[Cousera Note] Machine Learning Foundations: A Case Study Approach

2015-10-20

1 Week1: Welcome
- 1.1 Introduction
  - 1.1.1 real world case based
    - - regression: house price prediction
    - - classificiation: sentiment analysis
    - - clustering & retrieval: finding doc
    - - maxtrix factorization & dimensionality reduction: recommending products
  - 1.1.2 requirement
    - math: calculas & algebra
    - python
  - 1.1.3 capstone project
- 1.2 iPython Notebook
  - Python command and its outputs
  - Markdown for doc
- 1.3 SFrames
  - 1.3.1 GraphLab Canvas
    - - any data structure *.show() » data visualization web page. make it inline of iPython Notebook:
      - graphlab.canvas.set_target(‘ipynb’)
    - - create new column
      - sf[‘Full Name’] = sf[‘First Name’] + ' ' + sf[‘Last Name’]
    - - apply function
      - sf[‘Country’] = sf[‘Country’].apply(transform_country)
2 Week2: Regression case: predicting house prices
- 2.1 Linear regression modeling
  - 2.1.1 recent sales in nearby neighbourhood
    - x = sqft, feature / covariate / predictor / indepentent varaible
    - y = price, observation / response
  - 2.1.2 look at average price in range
    - limited hits
    - throwing out other information: it’s bad
  - 2.1.3 linear regression
    - fw(x) = w0 + w1*x
      - - w0 = intercept
      - - w1 = slope
      - - w0/w1 are parameters of our model, w = (w0,w1); also called regression coefficients
    - different parameter set w; choose w is important
    - ** RSS = residual sum of squares **
      - - delta = Y of observation - Y from prediction
      - - RSS = sum(all possible delta^2)
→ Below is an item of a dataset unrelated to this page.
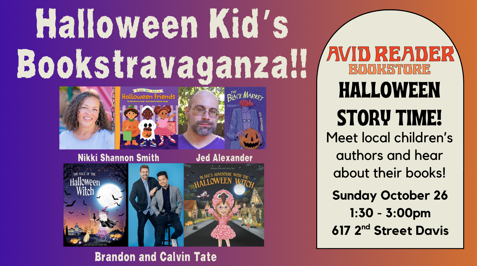 THE AVID READER. Come celebrate Halloween kids books by local authors! We will be joined by Nikki Shannon Smith, author of "Halloween Friends," Jed Alexander, author of "The Black Market," as well as Brandon and Calvin Tate, authors of "The Tale of the Halloween Witch." 1:30p—3p. Free
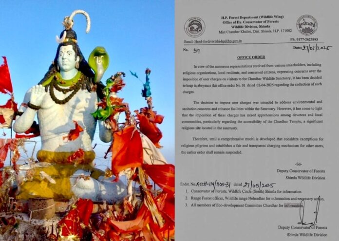 लिहाजा, बढ़ते रोष के बीच हिमाचल प्रदेश वन विभाग की ओर से 27 मई को जारी आदेश में चूड़धार वन्यजीव अभ्यारण्य में आने वाले श्रद्धालुओं एवं पर्यटकों से उपयोगकर्ता शुल्क लेने पर रोक लगा दी गई है। माना जा रहा है कि विभाग ने ये निर्णय विभिन्न हित धारकों, धार्मिक संगठनों और स्थानीय लोगों की मांग पर लिया है।

      - - minimize RSS(w0,w1) and solve it, get you w’
      - - then y’ = w0’ + w1’ * x of my house
  - 2.1.4 adding higher order effects
    - straight line is good enough?
      - maybe not a linear relationship, rather a quadratic function
    - quadratic
      - fw(x) = w0 + w1x + w2x^2
        
        still linear regression, x^2 is just another feature
    - higher order polynomial? 13th order polynomial to minimize RSS
      - this function just looks crazy
      - overfitting
- 2.2 Evaluating regression models
  - evaluating overfitting via training/test split
    - min RSS » bad prediction
    - how to choos model order/complexity?
      - goal: good predictions
      - simulate predictions
        
        step 1. remove some data points
        
        step 2. fit model on remaining
        
        step 3. predict heldout houses
        
        use model to predict those removed data points (in step 1), and see how accurate they are
      - need extra test data
    - terminology
      - training set / test set
      - training error = RSS of all training data points, minimize it to find w’
      - test error = RSS of all test data points with w’
  - training/test curves: model complexity vs. error
    - training curves: the higher model complexity is, smaller the error gets
    - test curves: probably will look like a U, which has optimized lowest value
    - w2_training_test_curves.png
  - add other features
    - for houses as an example, # of bedrooms as x2
      - fitting an 3D surface
    - how many features to use? unlimited! hold there and more info in the “regression” course
    - always more feature the better to capture underlying process? NO
  - other regression examples
    - stock prediction
      - recent history
      - news events
      - related commodities
    - temp of smart house
      - spatial function
      - thermostat setting/ blinds / window / vents / temp outside / time of day
- 2.3 Summary
  - regression ML block diagran ML pipepline: data » ML method » intelligence
    - w2_regression_ML_model.png
- 2.4 Predict house prices (iPython Notebook example)
  - Loading & exploring house sale data
    - graphlab.SFrame(‘xxx.gl.zip’)
      - - SFrame: table data structure in graphlab
      - - here xxx.gl.zip is some presist data dumped out by graphlab
    - SFrame.show(view="Scatter_plit”, x="column1”, y="column2”)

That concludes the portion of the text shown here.